Using integers and requiring multiplication vs. using decimals as a data type - what are your thoughts?

What are your thoughts on this? I'm working on integrating some new data that's in a tab-delimited text format, and all of the decimal columns are kept as single integers; in order to determine the decimal amount you need to multiply the number by .01. It does this for things like percentages, weight and pricing information. For example, an item's price is expressed as 3259 in the data files, and when I want to display it I would need to multiply it in order to get the "real" amount of 32.59.
Do you think this is a good or bad idea? Should I be keeping my data structure identical to the one provided by the vendor, or should I make the database columns true decimals and use SSIS or some sort of ETL process to automatically multiply the integer columns into their decimal equivalent? At this point I haven't decided if I am going to use an ORM or Stored Procedures or what to retrieve the data, so I'm trying to think long term and decide which approach to use. I could also easily just handle this in code from a DTO or similar, something along the lines of:
public class Product
{
// ...
private int _price;
public decimal Price
{
get
{
return (this._price * .01);
}
set
{
this._price = (value / .01);
}
}
}
But that seems like extra and unnecessary work on the part of a class. How would you approach this, keeping in mind that the data is provided in the integer format by a vendor that you will regularly need to get updates from.

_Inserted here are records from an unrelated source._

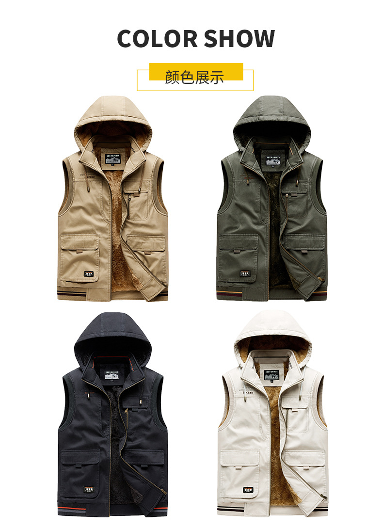 服饰配饰>男装>马甲> JEEP SPIRIT秋冬季新款男式休闲保暖马甲加绒加厚保暖舒适抵御严寒HM-0708
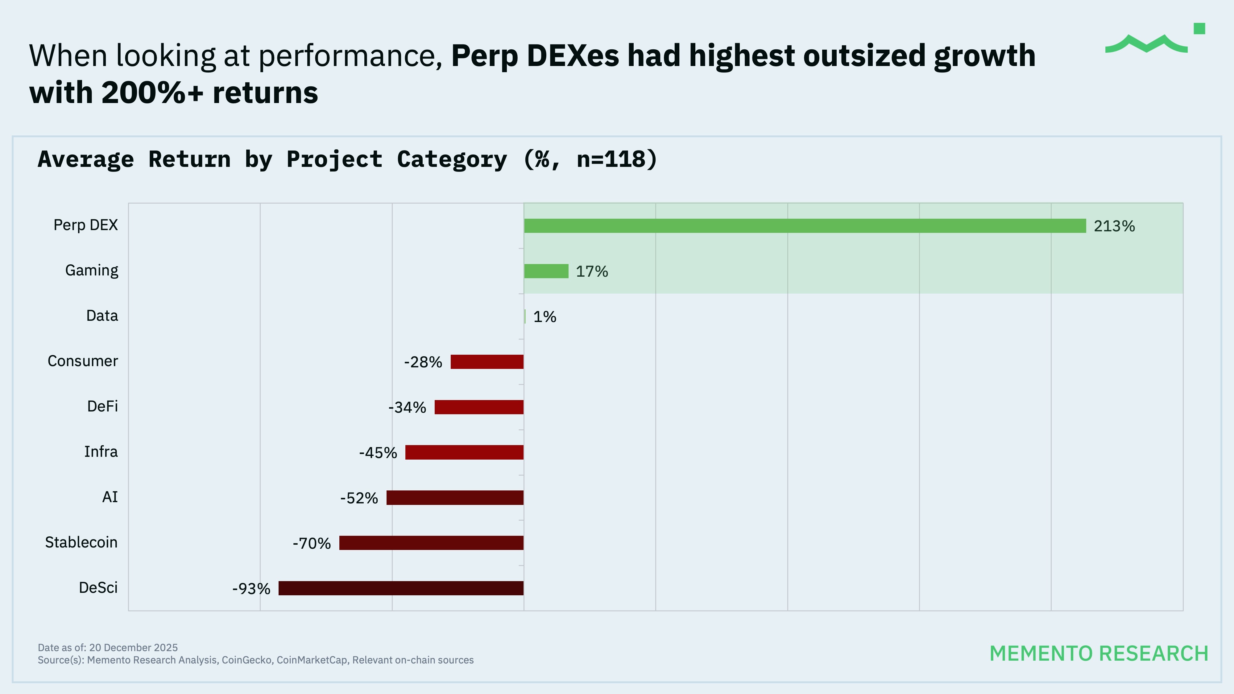 The theme for 2025 was the growth of Perp DEXes, led by Hyperliquid and during Q4 when Aster launched as well. Perp DEX (+213% average) was basically “one monster winner” in a tiny sample where the median is still negative.
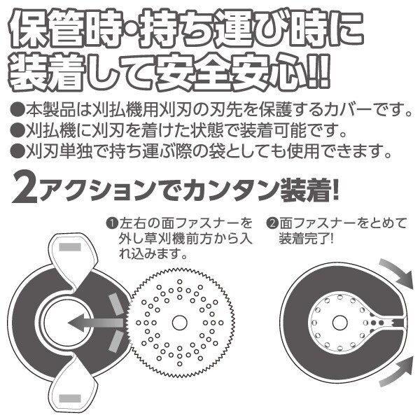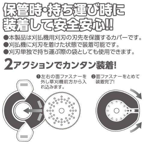 | 商品説明 | ●刈払機用刈刃の刃先を保護するカバー ●保管時/持ち運び時に装着して安全安心 ●刈払機に刈刃を着けた状態で装着可能 ●刈刃単独で持ち運ぶ際の袋としても使用可能 ●外径230mm、255mmに対応 ●2アクションで簡単装着 |
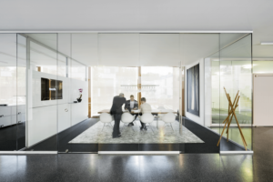 Trennwände sind Wand-, Glas- und Türelement in einem und bieten unzählige Gestaltungsvarianten. Sollten sich die Raumbedürfnisse im Laufe der Zeit ändern, lassen sie sich ohne grossen Aufwand und lange Arbeitsunterbrechungen versetzen.
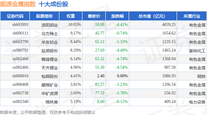 能源金属(399366)指数十大成份股详情如下:
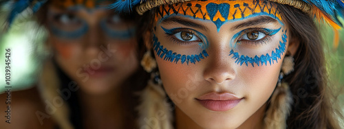 wide macro closeup photo of a woman face with highly detailed skin, face paint with blue and yellow colors and she looking at the camera directly with sharp eyes
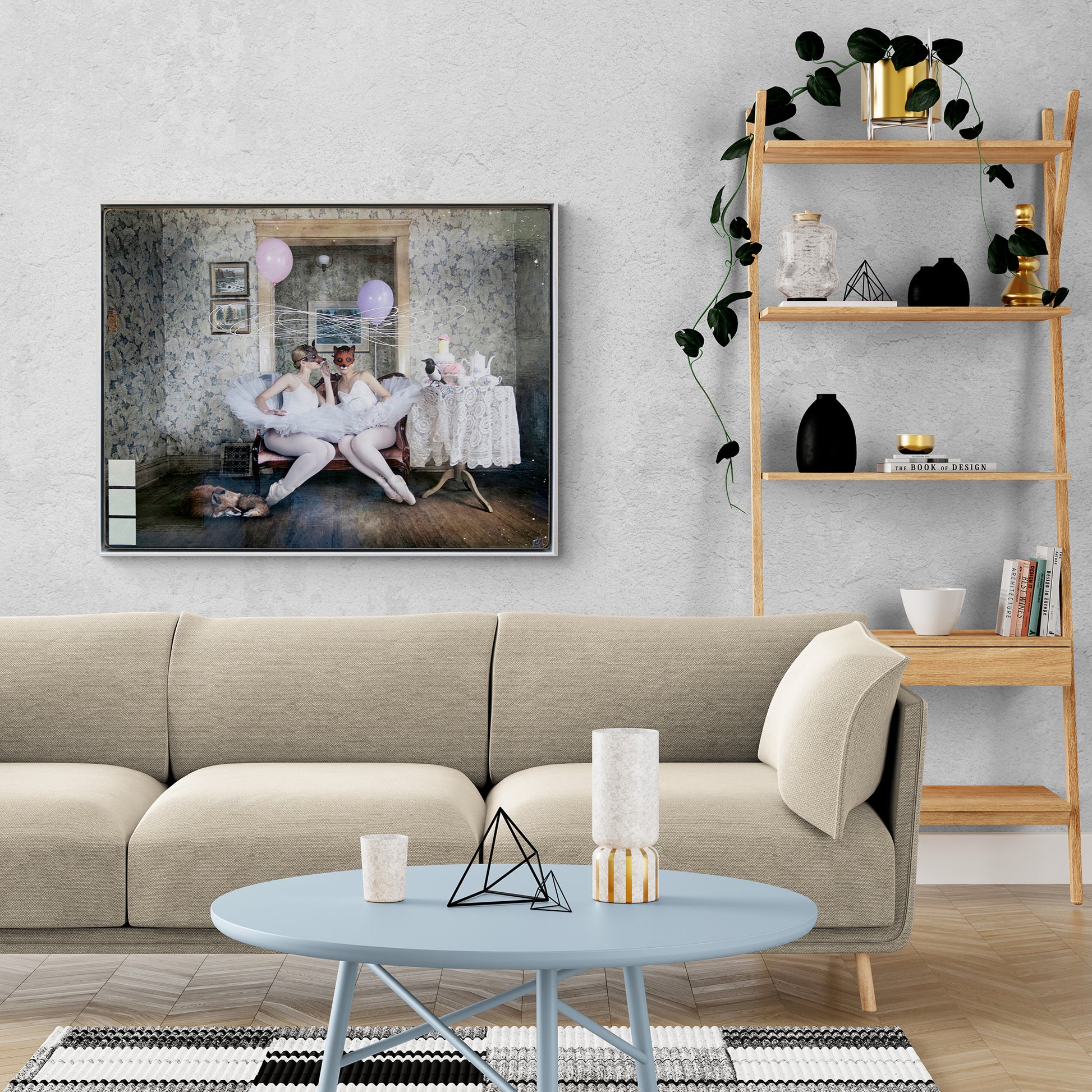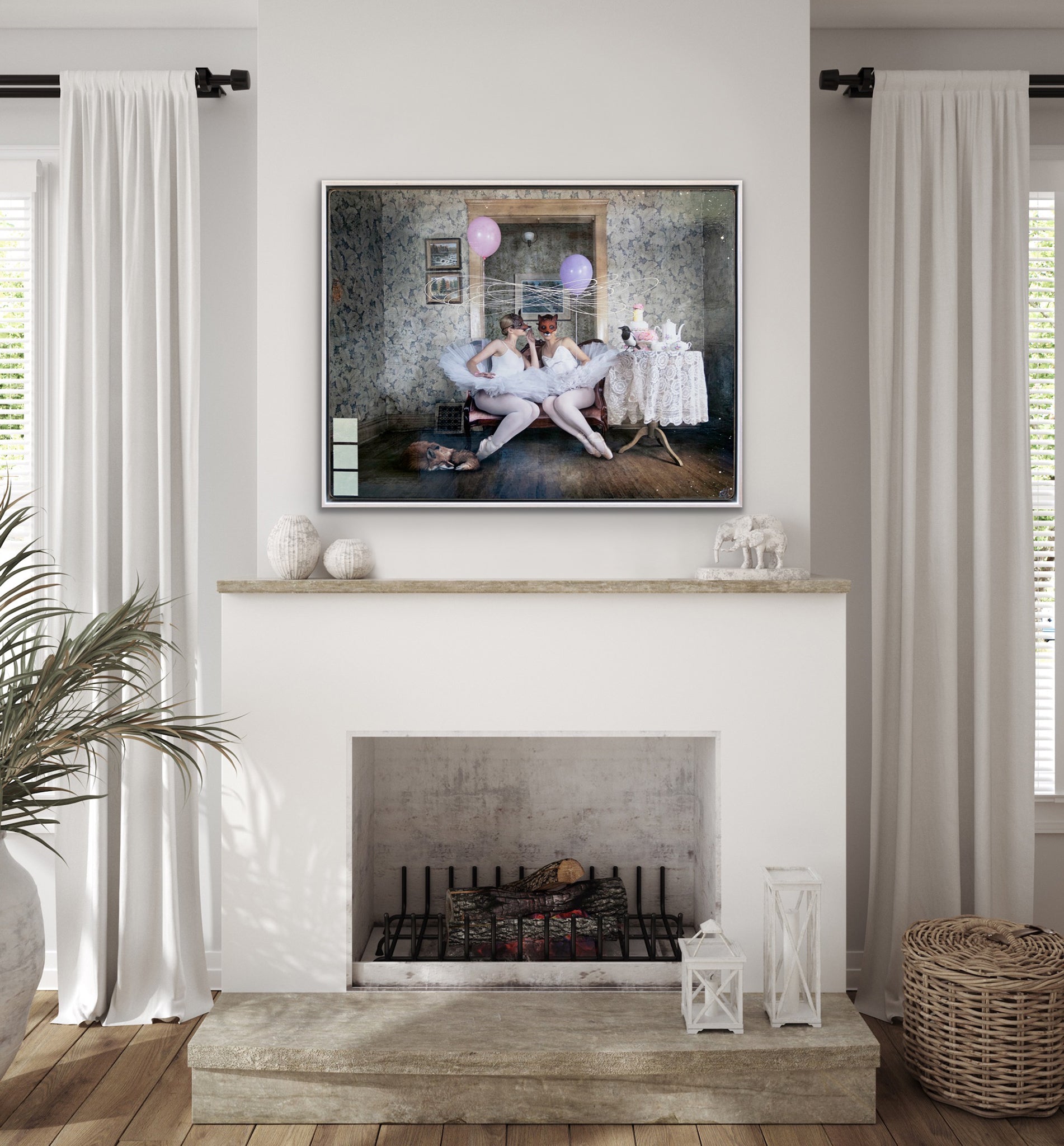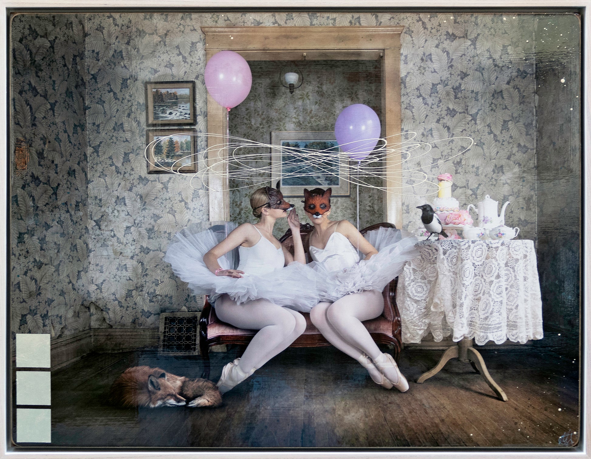 "But A Whisper" is part of the Masked Series by Morgan Jones, featuring two ballerinas wearing fox masks sitting on an antique sofa. A sleeping fox lies at their feet, and a magpie is perched on a nearby table adorned with afternoon tea. Above the figures, swirls intersect, with balloons held by each ballerina floating just out of reach.

"Do you think this is a good or bad idea?"
Bad.
"Should I be keeping my data structure identical to the one provided by the vendor?"
No.
"Should I make the database columns true decimals?"
Yes.
It's so much simpler to do what's right. Currently, the data is transmitted with no "." to separate the whole numbers from the decimals; that doesn't any real significance.
The data is decimal. Decimal math works. Use the decimal math provided by your language and database. Don't invent your own version of Decimal arithmetic.

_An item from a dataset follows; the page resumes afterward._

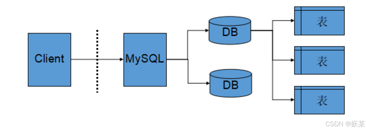 所谓安装数据库服务器,只是在机器上安装了一个数据库管理系统程序,这个管理程序可以管理多 个数据库,一般开发人员会针对每一个应用创建一个数据库。 为保存应用中实体的数据,一般会在数据库中创建多个表,以保存程序中实体的数据。 数据库服务器、数据库和表的关系如下:
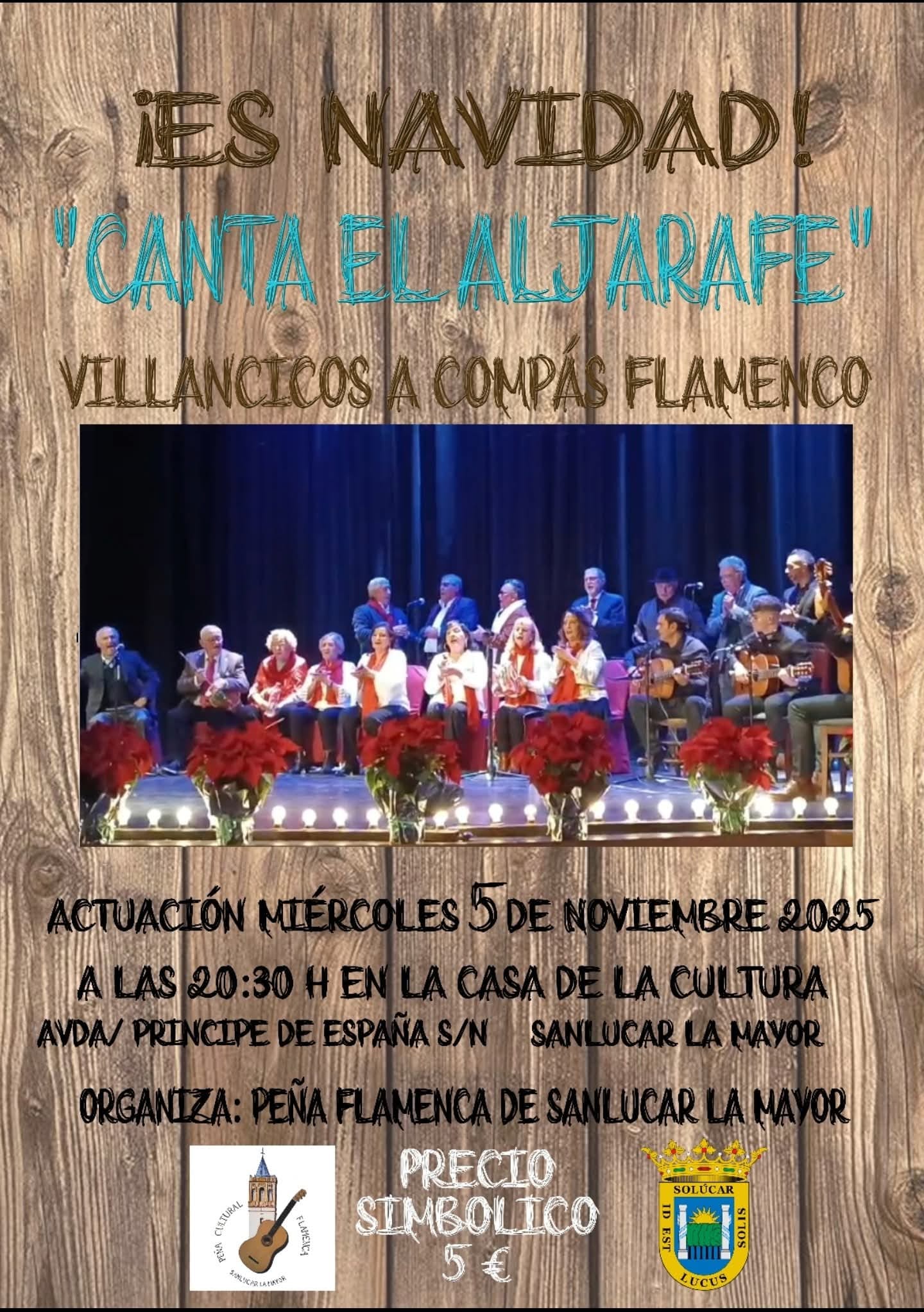 - MIÉRCOLES DÍA 5, Coro de Villancicos Flamencos, "CANTA EL ALJARAFE". Entradas: 5 €. Organiza peña Flamenca de Sanlúcar la Mayor.

Personally I would much prefer to have the data stored correctly in my database and just do a simple conversion every time an update comes in.
Pedantically: they aren't kept as ints either. They are strings that require parsing.

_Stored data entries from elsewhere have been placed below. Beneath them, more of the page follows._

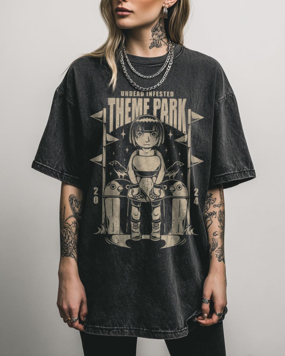 Ready to face the terror of a retro survival horror game? Step into the eerie world of ‘Crow Country’ with our ‘Undead Infested Theme Park’ graphic tee. This design captures the chilling atmosphere of the indie game, featuring monsters and Mara Forest, perfect for gamers who love nostalgia and classic survival horror. Why You’ll Love…
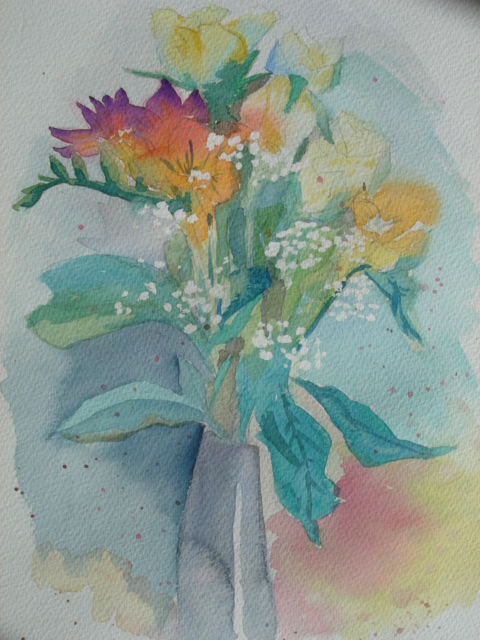 一種類は、白いバラだった。あとは知らない。すみれ草(でいいのかな)の白い部分は、マスキング・リキッド(和名知らず。液体で、乾くとゴムのようになる)を使ってすべての色を塗った後はがした。そうすると紙のきれいな白地が残るのでとても面白い。やっと、出したい色や描きたい雰囲気を作れるくらいの技術の意味が解ってきた。その技術が身についたという意味ではなくて、そういう技術があるということを知ることができた、ということ。知ることによって、知らなかったということに気づく。
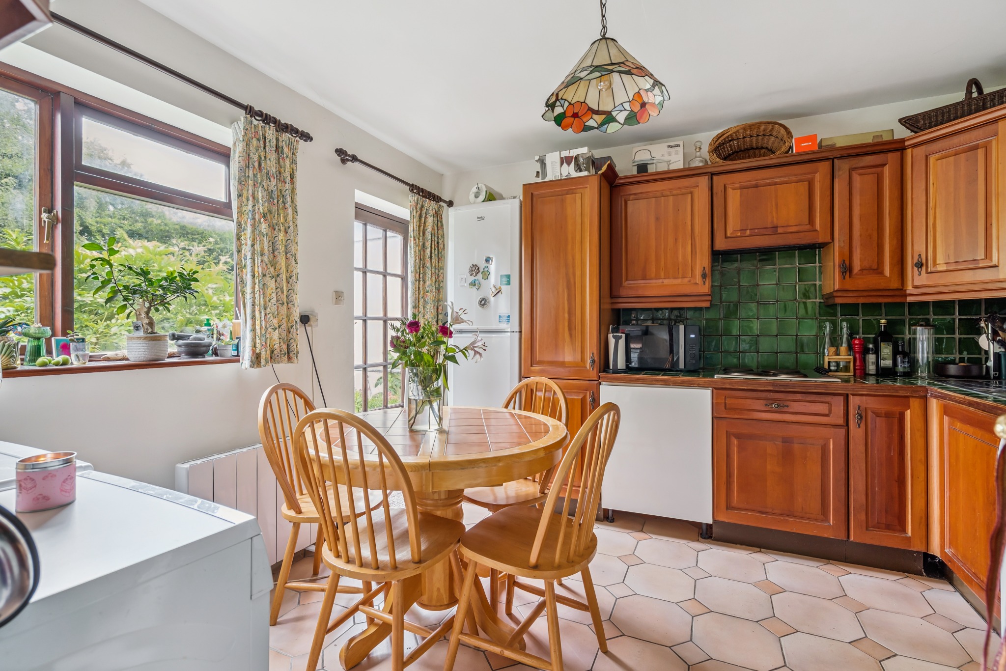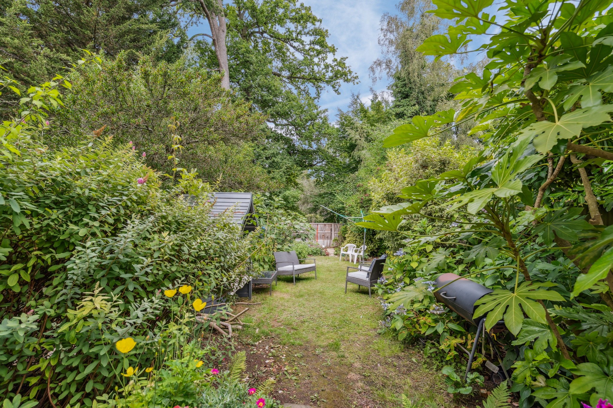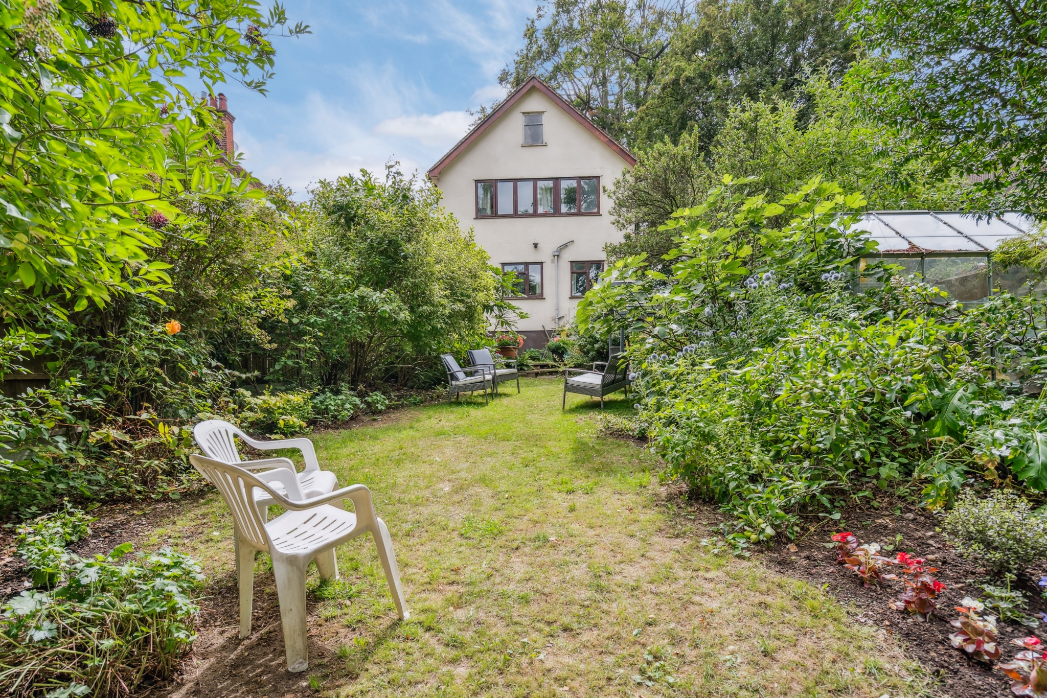 Outside, the beautiful rear garden is a private oasis, laid to lawn and surrounded by mature trees, shrubs, and colourful flowerbeds. The front of the property includes a garden, off-street driveway parking, and convenient side access to the rear.

Philisophically: you have information in the file and you should write data into the database. That means transforming the information in any ways necessary to make it meaningful/useful. If you don't do this transform up front, then you'll be doomed to repeat the transform across all consumers of the database.
There are some scenarios where you aren't allowed to transform the data, such as being able to answer the question: "What was in the file?". Those scenarios would require the data to be written as string - if the parse failed, you wouldn't have an accurate representation of the file.
In my mind the most important facet of using Decimal over Int in this scenario is maintainability.
Data stored in the tables should be clearly meaningful without need for arbitrary manipulation. If manipulation is required is should be clearly evident that it is (such as from the field name).
I recently dealt with data where days of the week were stored as values 2-8. You can not imagine the fall out this caused (testing didn't show the problem for a variety of reasons, but live use did cause political explosions).
If you do ever run in to such a situation, I would be absolutely certain to ensure data can not be written to or read from the table without use of stored procedures or views. This enables you to ensure the necessary manipulation is both enforced and documented. If you don't have both of these, some poor sod who follows you in the future will curse your very name.